──今回、ヤン選手ご自身の活躍が映画となりましたが、そのことについてはどのように感じていますか。
ヤン:聞いていたことではありましたが、実際に映画になってみると、不思議な感覚です。映画というのは永遠に残っていくものですから、自分の名前が永遠に残るということでもあると思いますが、そのこと自体がどういった意味を持つのかはすぐには理解できそうにありません。ですが、自分のストーリーを世界に伝えるということは、とても恵まれていて幸運なことだと思います」
──『グランツーリスモ』でドライビング技術を磨いているころ、当時の憧れだったドライバーはどなたでしたか
ヤン:自分がインスピレーションを受けた人は、実は一人しかいません。何年も前に亡くなってしまっていますが、僕にとって子どものころからのヒーローはコリン・マクレーでした。彼は常にフルスロットルでドライブしていました。人間として、ドライバーとしても、短所のある人物であったかもしれませんが、常にフルアタックで挑むことが魅力なドライバーでした。

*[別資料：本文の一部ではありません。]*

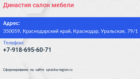 Династия, салон мебели по адресу 350059, Краснодарский край, Краснодар, Уральская, 79/1 в дальнейшем Организация, размещена в следующих категориях: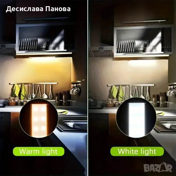 LED лампа със сензор за движение - лампа за шкаф, осветление за гардероб, нощна лампа за кухня, декорация.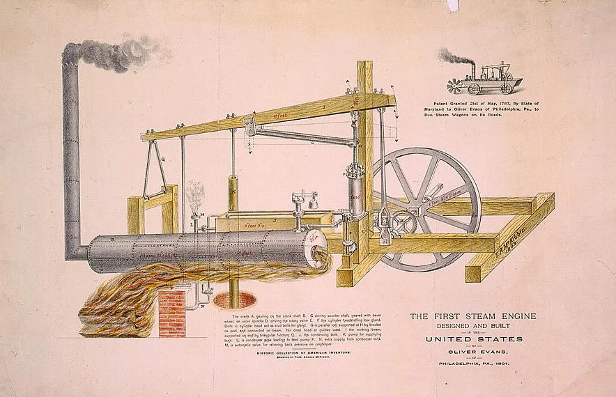 Патент на цю новинку винахідник отримав у 1784 році, а через два роки Еванс намагався запатентувати в Пенсільванії вже перший локомотив, призначений для звичайних доріг. Але був осміяний своїми співвітчизниками як хворий на «парову хворобу» і отримав відмову. Однак у 1787 році йому вдалося отримати такий патент в іншому штаті – Меріленд.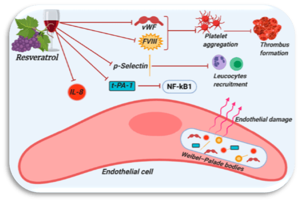Tüm bu özelliklerine rağmen Resveratrol’un en önemli etkileri Kardiyovasküler hastalıkların önlenmesinde ortaya çıkmaktadır. Resveratrol’un özellikle Nitrikoksit (NO) konsantrasyonlarını artırdığı görülmektedir, bu etkileri sayesinde kardiyolojik iskemilerin (Kalbin yeteri kadar kanla beslenememesi) önlenmesinde son derece güçlü etkileri vardır. Kardiyolojik hastalıklarda damar Endotelinin hasar görmesi tromboz denilen tablonun başlamasına neden olur, Resveratrol’un bu trombotik pıhtıların güçlenmesini önleyici etkileri görülmüştür. Ayrıca anti-oksidan etkilere de sahip olan Resveratrol, damar Endotelini oksidatif stresten de korumaktadır.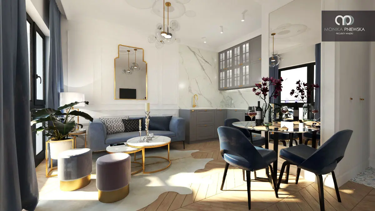 Zestaw wypoczynkowy, niebieska sofa w połyskującym modnym aksamicie zyskał doborowe towarzystwo marmurowych stolików na złotych nóżkach i welurowych krzeseł oraz przepięknych i najmodniejszych w tym seozonie puf. Całość zamyka miękki biały dywan i przepiękna, oryginalna lampa wisząca. Et voilà!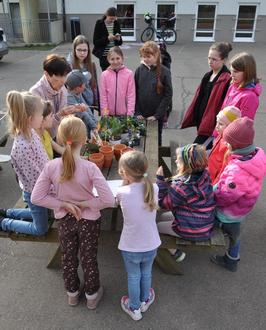 Rechtzeitig zum Frühlingsbeginn traf sich die Wühlmausgruppe des Gablinger Gartenbauvereins an der Schule. Bei schönem Wetter hatten die Betreuer/innen für die Märzaktion alles im Freien hergerichtet. Zunächst durfte sich jedes Kind aus einer bunten Menge an Frühlingsblumen ein Töpfchen aussuchen. Gar nicht so einfach, sich zwischen Hornveilchen, Osterglocken, Tulpen und Hyazinthen zu entscheiden! Schließlich hatte aber jeder seine Lieblingspflanze gefunden. Die sollte nun einen schönen Topf bekommen. Dafür nahm sich jedes Kind einen Tontopf und wählte einen Platz zum Malen. Nun konnte das Verschönern der Blumentöpfe losgehen. Mit vielen leuchtenden Farben und dicken oder dünnen Pinseln entstanden die verschiedensten bunten Muster. Die Farbexperten mischten sich eigens ihre Lieblingsfarben zusammen. Bald waren alle Töpfe mit Streifen, Punkten und Wellenlinien verziert.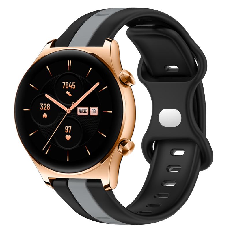 For Honor Watch GS 3 20mm Butterfly Buckle Two-Color Silicone Watch Band(Black+Grey)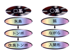 トモバリの型を大別すると、狐系・矢島系のこの2つに分かれます。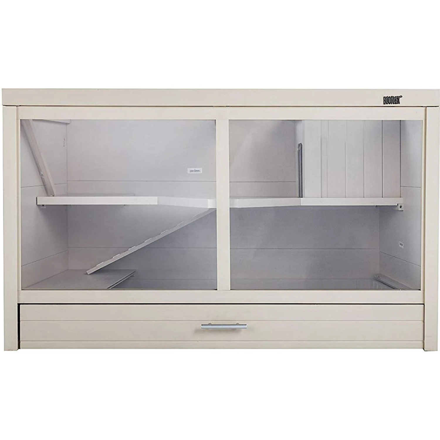 - The scratch-resistant polycarbonate front panel offers a full view of your pet’s living space.
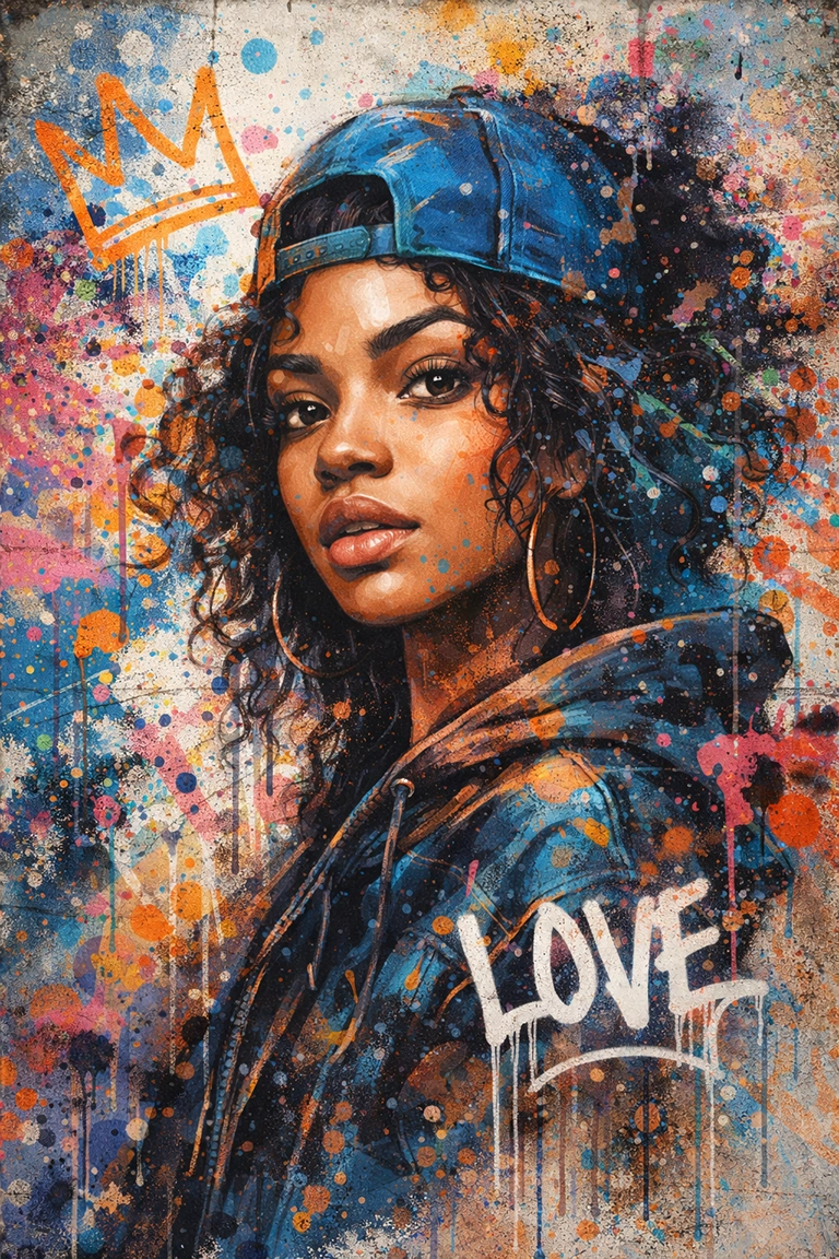 El estilo Urban Art es ideal para retratos contemporáneos, arte conceptual, carteles, portadas o fondos expresivos. En prompts de IA, funcionan muy bien términos como urban art, street art style, spray paint texture, graffiti wall, raw urban aesthetic, bold colors, layered paint, o city wall mural.

彼が毎回フルアタックで強烈なドライブをする度に、レーシングカーに個性が宿るような気がしたのを覚えています。なので、日本で自分が「スーパーGT」などをドライブするときも、それにならって常にフルスロットル、フルアタックでした(笑)。
──映画ではル・マンが舞台のひとつとなっていますが、ご自身が当時参戦されたル・マン24時間レースはいかがでしたか。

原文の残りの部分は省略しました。